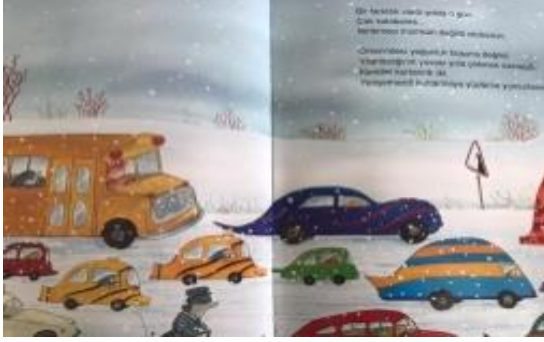
Resim 6. Sabırlı olma becerisine vurgu

Ayrıca kitabın görsellerinde “ sabırlı olma(1), doğru karar verme(1)becerileri tespit edilmiştir. Konuyla ilgili örnekler aşağıda sunulmuştur.
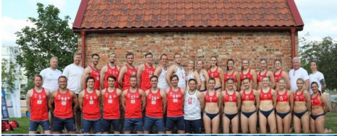
Equipes masculine et féminine norvégiennes de beach hand ball 2021 : comparer les tenues : à votre avis pourquoi une telle différence ?
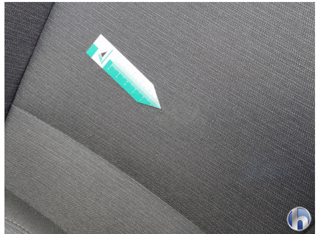
5. Sitz Innenraum links vorne Verschmutzt - Reinigen 120,00 € / 120,00 €
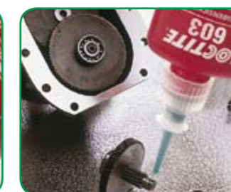
Loctite® 603 (vylepšený Loctite® 601)

P1 NSF reg. č.: 123010 Certifikát DVGW (EN 751-1): NG-5146AR0619 Certifikát WRC (BS 6920): 0511518 Certifikát KTW pre pitnú vodu
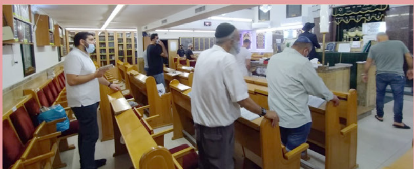
סליחות באשמורת הבוקר בבית הכנסת "בית יוסף"
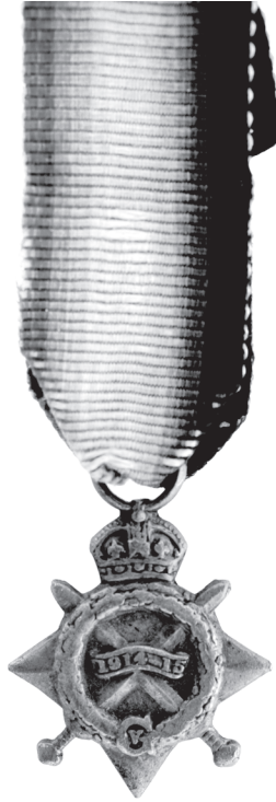
Slika 5. Minijatura Zvijezde za 1914.-1915. godinu

Vrpca je crveno-bijelo-plave boje, s preljevima svjetlijih nijansi između pruga. HPM/ZM 35707.
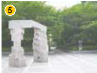
大阪ビジネスパーク円形ホール 入口
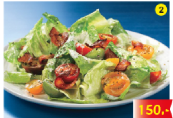
เบคอน มะเขือเทศ ผักสลัด Bacon, Tomato, Salad Speck, Tomaten, Salat
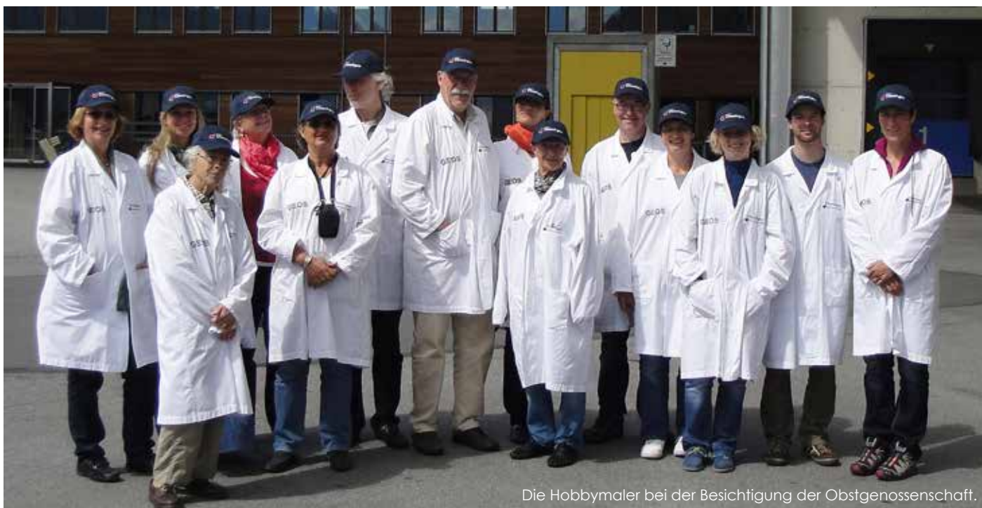
Die Hobbymer bei der Besichtigung der Obstgenossenschaft.
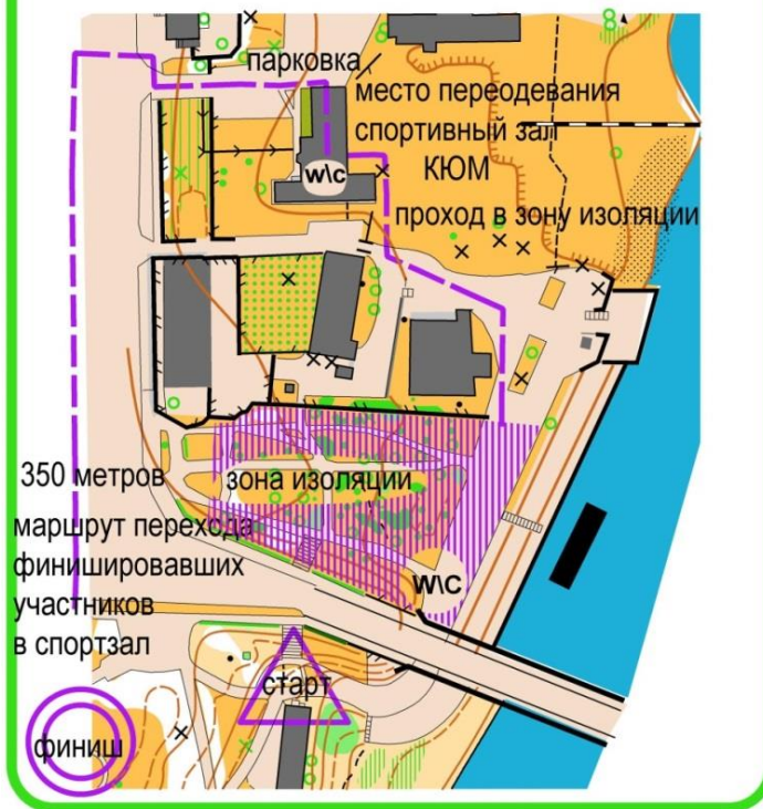
Схема арены соревнований 15.05.2017 Большая Московская улица, 19 к1 гост. "Россия" N58.516458, E31.284159
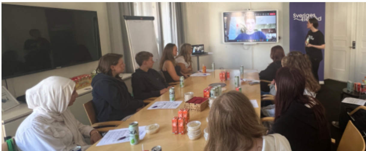
Bild från BOOST i Malmö.
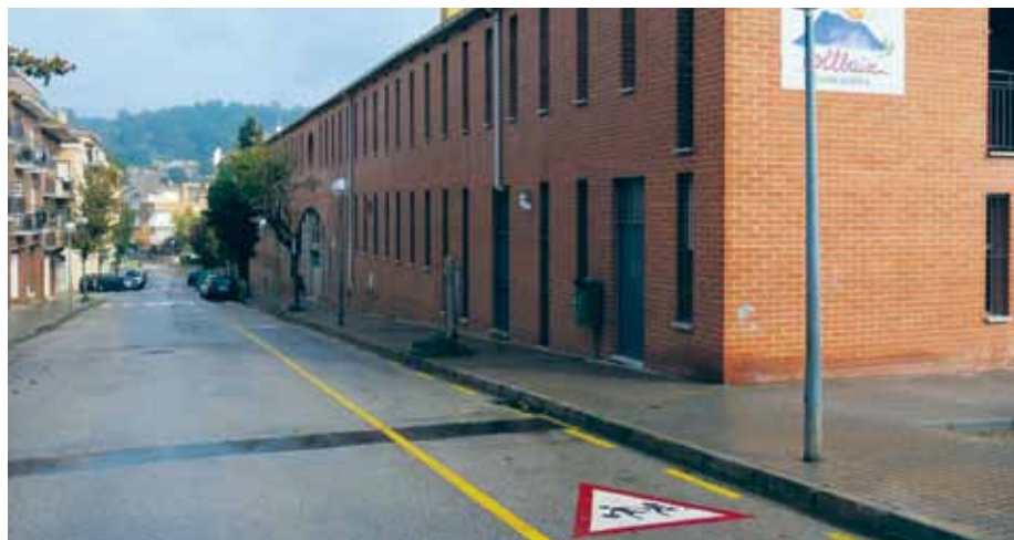
Les obres a l'entorn permeten major seguretat i una mobilitat més àgil

En paral·lel, s'ha senyalitzat un nou carril de càrrega i descàrrega al carrer Salvador Espriu per als pares i mares dels alumnes de quart, cinquè i sisè de primària. El carril ajudarà a una circulació més fluida en les hores d'entrada i sortida. Els treballs han comptat amb la super-
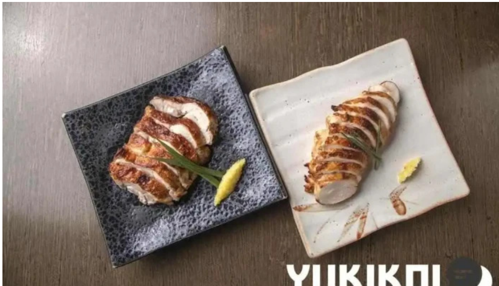
さかえや 浦和パルコ本店 イカ焼き
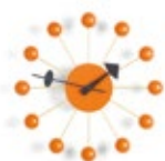
Ball Clock, orange, Ø 330
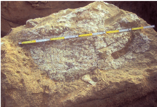
Aspecto de una de las tortugas antes de la extracción.
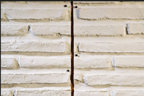
05 ABSTAND VON CA. 1 CM ZWISCHEN DEN PANEELN FREI LASSEN LEAVING A SPACE BY 1CM BETWEEN TWO PANELS
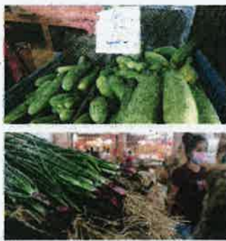
ANTARA barangan yang menjadi mahal sejak awal April.

ga menghadkan pembelian sayur berkenaan dari satu kilogram kepada setengah kilogram," katanya.

WHAT TO WORK ON
All records above must be copied exactly, though the pictures they hold are to be left out.

RESPONSE TO THE EXERCISE
Resim 6. Sabırlı olma becerisine vurgu

Ayrıca kitabın görsellerinde “ sabırlı olma(1), doğru karar verme(1)becerileri tespit edilmiştir. Konuyla ilgili örnekler aşağıda sunulmuştur.
Equipes masculine et féminine norvégiennes de beach hand ball 2021 : comparer les tenues : à votre avis pourquoi une telle différence ?
5. Sitz Innenraum links vorne Verschmutzt - Reinigen 120,00 € / 120,00 €
Loctite® 603 (vylepšený Loctite® 601)

P1 NSF reg. č.: 123010 Certifikát DVGW (EN 751-1): NG-5146AR0619 Certifikát WRC (BS 6920): 0511518 Certifikát KTW pre pitnú vodu
סליחות באשמורת הבוקר בבית הכנסת "בית יוסף"
Slika 5. Minijatura Zvijezde za 1914.-1915. godinu

Vrpca je crveno-bijelo-plave boje, s preljevima svjetlijih nijansi između pruga. HPM/ZM 35707.
大阪ビジネスパーク円形ホール 入口
เบคอน มะเขือเทศ ผักสลัด Bacon, Tomato, Salad Speck, Tomaten, Salat
Die Hobbymer bei der Besichtigung der Obstgenossenschaft.
Схема арены соревнований 15.05.2017 Большая Московская улица, 19 к1 гост. "Россия" N58.516458, E31.284159
Bild från BOOST i Malmö.
Les obres a l'entorn permeten major seguretat i una mobilitat més àgil

En paral·lel, s'ha senyalitzat un nou carril de càrrega i descàrrega al carrer Salvador Espriu per als pares i mares dels alumnes de quart, cinquè i sisè de primària. El carril ajudarà a una circulació més fluida en les hores d'entrada i sortida. Els treballs han comptat amb la super-
さかえや 浦和パルコ本店 イカ焼き
Ball Clock, orange, Ø 330
Aspecto de una de las tortugas antes de la extracción.
05 ABSTAND VON CA. 1 CM ZWISCHEN DEN PANEELN FREI LASSEN LEAVING A SPACE BY 1CM BETWEEN TWO PANELS
ANTARA barangan yang menjadi mahal sejak awal April.

ga menghadkan pembelian sayur berkenaan dari satu kilogram kepada setengah kilogram," katanya.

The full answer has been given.